Interview: Liv Lorent - on taking Snow White to a new place

Monday 7 March 2016

Liv Lorent. Photo: Keith Pattinson

Newcastle based choreographer Liv Lorent founded her company balletLORENT in 1993, the year she graduated and since then the award winning company has toured widely. Liv enjoys working with individual performers who are diverse in age and experience, with many works featuring intergenerational casts. BalletLORENT are back at Sadler’s Wells for Family Weekend this Easter, with Snow White – the second part of a trilogy based on fairy tales…

How does the Brother’s Grimm Fairytale version of Snow White, on which this production is based, differ from the Disney film that many audience members will be familiar with?
Our Snow White heroine is also beautiful, good and kind, but more gutsy and athletic than in the Disney version! The seven miners are quite a rough and tumble – a funny mix of forest dwelling workers on whom the palace’s luxurious life is dependent.

This production is based on the very original Grimm version where Snow White’s real mother becomes consumed with jealousy as her daughter’s beauty overtakes her own. I have been very interested in exploring the out-of-control desire suffered by the Queen, with her desperate need to be the most beautiful woman in the realm. Her relationship with her reflection is fascinating, and the sense that her ageing has contributed to a torturous experience with her mirror.

Carol Ann Duffy has done an amazing job taking the original Grimm fairytale to new place, including The Huntsman (who is also the Head Miner) as the person able to rouse Snow White from her deep, poisoned apple sleep with a kiss. No fancy Prince in our version! It has been really important for us to deliver real emotion, experienced by believable characters, within this romantic fairytale world.

You’ve been able to re-assemble the same creative team that worked on balletLORENT’s Rapunzel – Poet Laureate Carol Ann Duffy, composer Murray Gold, set designer Phil Eddoll, lighting designer Malcolm Rippeth – and the Royal Northern Sinfonia. For Snow White you have three new collaborators – actress Lindsay Duncan (as Narrator), costume designer Libby Everall and soprano Elin Manahan Thomas. What do they bring to the production?
Each collaborator brings a depth of artistry to the production that gives a richness of aesthetic, and an emotional clout that I don’t think I could come near to achieving on my own. It also really helps to elevate the scale of the work, and gives a wide range of ages in the audience something very substantial to connect with from one minute to the next. There really isn’t anything very minimalist about this production, and I love all the collaborators for being able to commit so completely to this dark and beautiful fairytale world.

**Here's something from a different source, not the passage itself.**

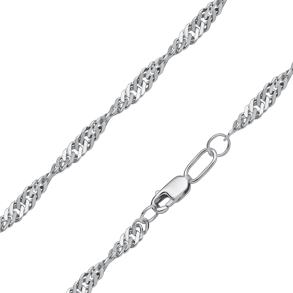 Плетение “Сингапур” сочетается с любыми подвесками, поэтому легко впишется в любой ваш стиль. Красивый холодный блеск звеньев за счет покрытия родием не оставит украшение незамеченным. А удобный замок-карабин обеспечит легкое и безопасное крепление аксессуара на шее.

balletLORENT’s eleven professional dancers will be joined by a cast of children local to the venue where Snow White is being performed. What are the challenges/delights of working with young children?
The children are a massively important part of this production, and we are so thrilled to have their energy and talent on stage with us. They add something completely unique to the production – and help the story become even more epic and emotional. They are very different, but every bit as delightful and mesmerising as the animals in the Disney film! balletLORENT has a long history of sharing the professional stage with dancers of all different ages, shapes, sizes and experiences, and we love to offer our guest ensemble a fantastic performance experience.

Have you seen a growing demand for family-friendly dance theatre with high production values over the years you’ve toured with balletLORENT? Has becoming a mother changed your approach to making theatre for families?
We started making family work in 2006 with Angelmoth, long before I had children myself. But certainly, seeing many shows with my own two children has greatly influenced what I want to put into each show we make, and what I want each adult and child to get out of a balletLORENT production. I do know that many of us as parents can ill afford the time or money to go out without our children, so it makes the need to enjoy something of high quality together as a family ever more important.

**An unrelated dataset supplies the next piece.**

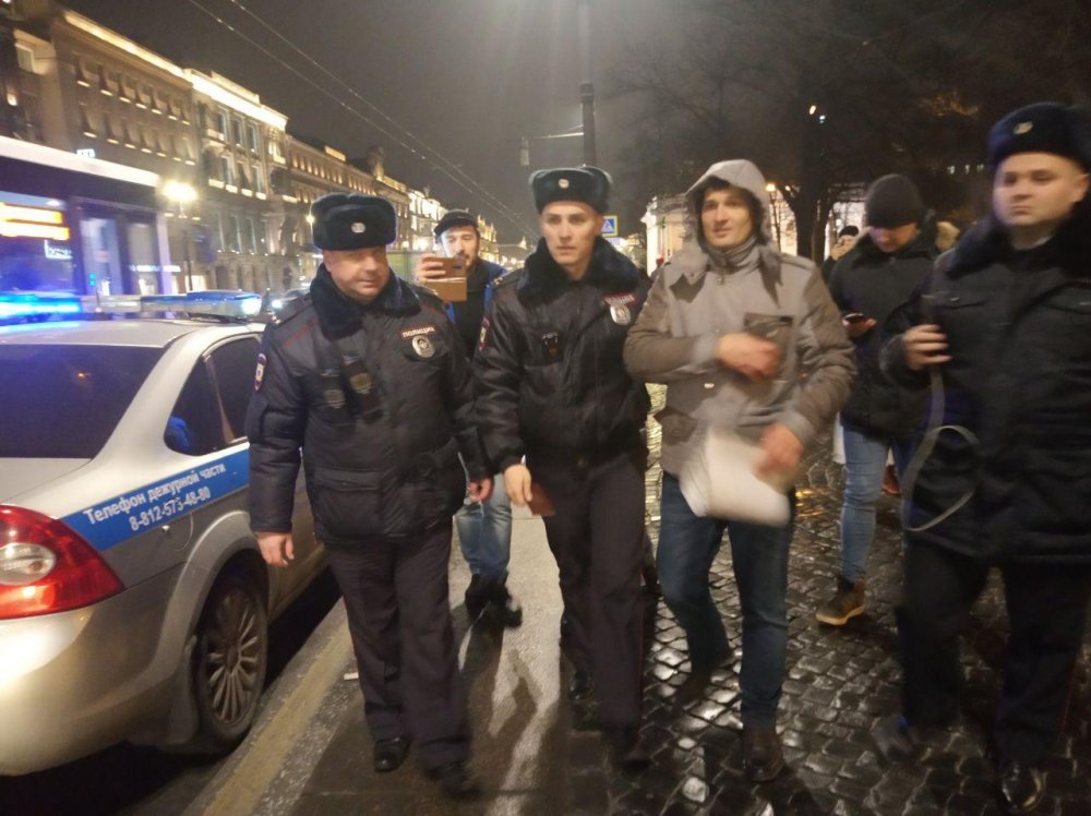 Первым задержали Вадима Казака (Десятскова) после того, как он отказался подписать предупреждение о правилах проведения публичного мероприятия. Затем задержали четырех человек с плакатами, среди них Евгений Мусин и Марина Кен.

You’ve been working with on The Bench programme with 2faced which has been set up to address the inequality of opportunity faced by female choreographers. Can you tell us something about what you’ve been doing on the programme? Do you think we are starting to see more progress on gender equality amongst dance makers?
I have been enjoying mentoring Jennifer Essex – a very exciting choreographer – who has recently moved to the North East. balletLORENT has been growing slowly over 23 years to date, and we have managed to accrue quite a few experiences through our many ups and downs on the way, and I’m really happy to share some knowledge and give some support to such a talented and dedicated woman.

Snow White is the second of a planned trilogy of adapted fairytales from balletLORENT – have you already started working on the final instalment?
Yes, the thoughts are in progress now – and we are hoping to create Rumpelstiltskin in 2017!

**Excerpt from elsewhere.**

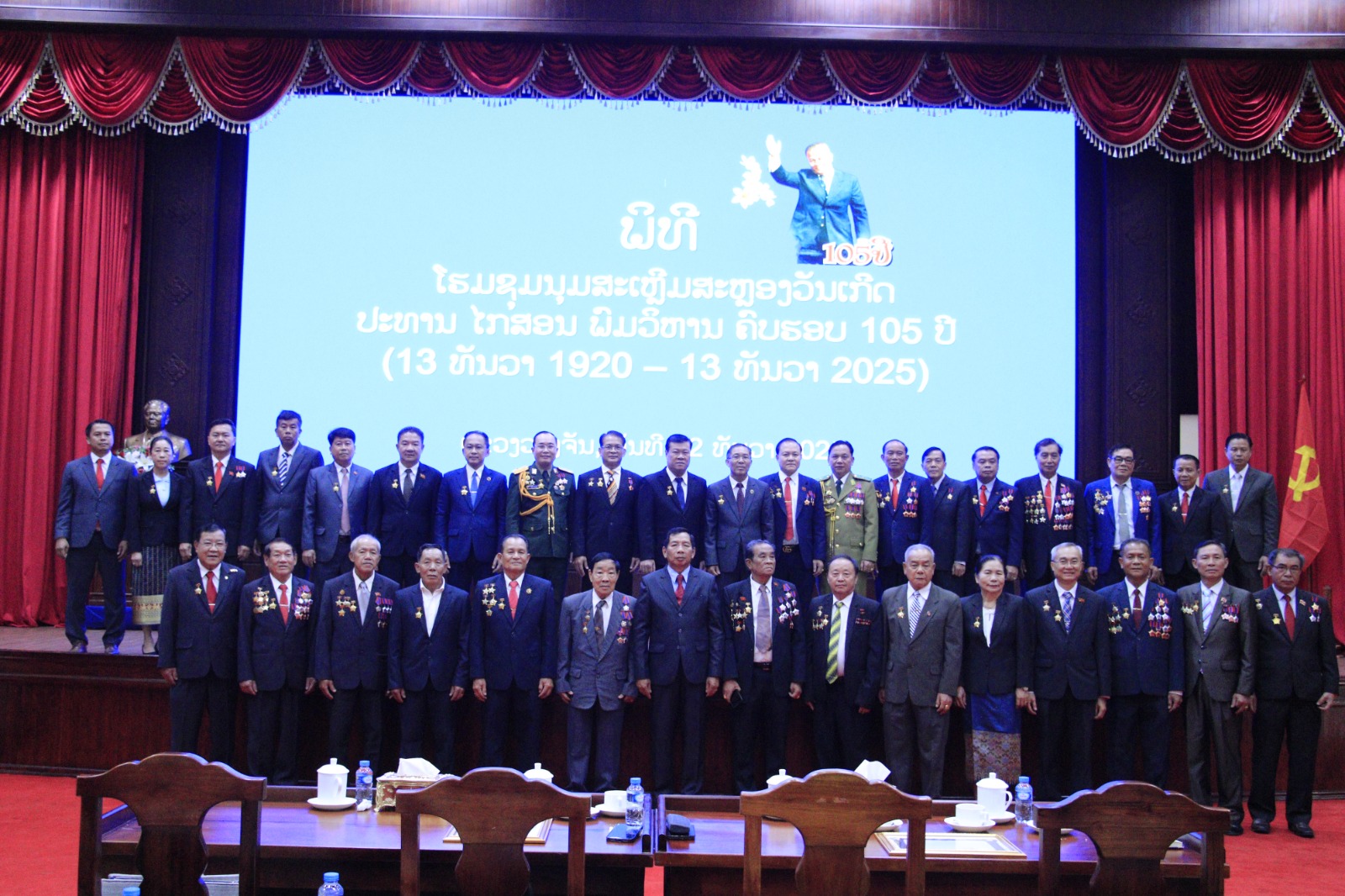 ພິທີໂຮມຊຸມນຸມ ສະເຫຼີມສະຫຼອງ ວັນເກີດປະທານໄກສອນ ພົມວິຫານ ຄົບຮອບ 105 ປີ ( 13 ທັນວາ 1920 – 13 ທັນວາ 2025 ) ຢູ່ແຂວງວຽງຈັນ ໄດ້ຈັດຂຶ້ນໃນວັນທີ 12 ທັນວາ 2025 ນີ້ ຢູ່ທີ່ ສະໂມສອນໃຫຍ່ຂອງແຂວງ. ໂດຍມີ ທ່ານ ຄຳພັນ ສິດທິດຳພາ ກຳມະການສູນກາງພັກ ເຈົ້າແຂວງວຽງຈັນ, ມີບັນດາການນໍາພັກ-ລັດຂັ້ນແຂວງ, ຂັ້ນເມືອງ, ອະດີດການນໍາ, ພະນັກງານບຳນານ, ທະຫານ-ຕຳຫຼວດ,ພະນັກງານ-ລັດ ຖະກອນ, ພ້ອມດ້ວຍນ້ອງນ້ອຍນັກຮຽນ ເຂົ້າຮ່ວມ.

It’s International Women’s Day on 8 March – will you be celebrating?
On International Women’s Day, balletLORENT we are releasing this video which celebrates the diversity of the cast of dancers in Snow White. We hope that it shows our strength as a female-led company, and importantly celebrates our dancers, who are actually very different in terms of age (with a range of 22 – 52 years old) training (from around the world) and experience. A few are mothers themselves, and as a company we strive to always support our dancers at different stage in their lives.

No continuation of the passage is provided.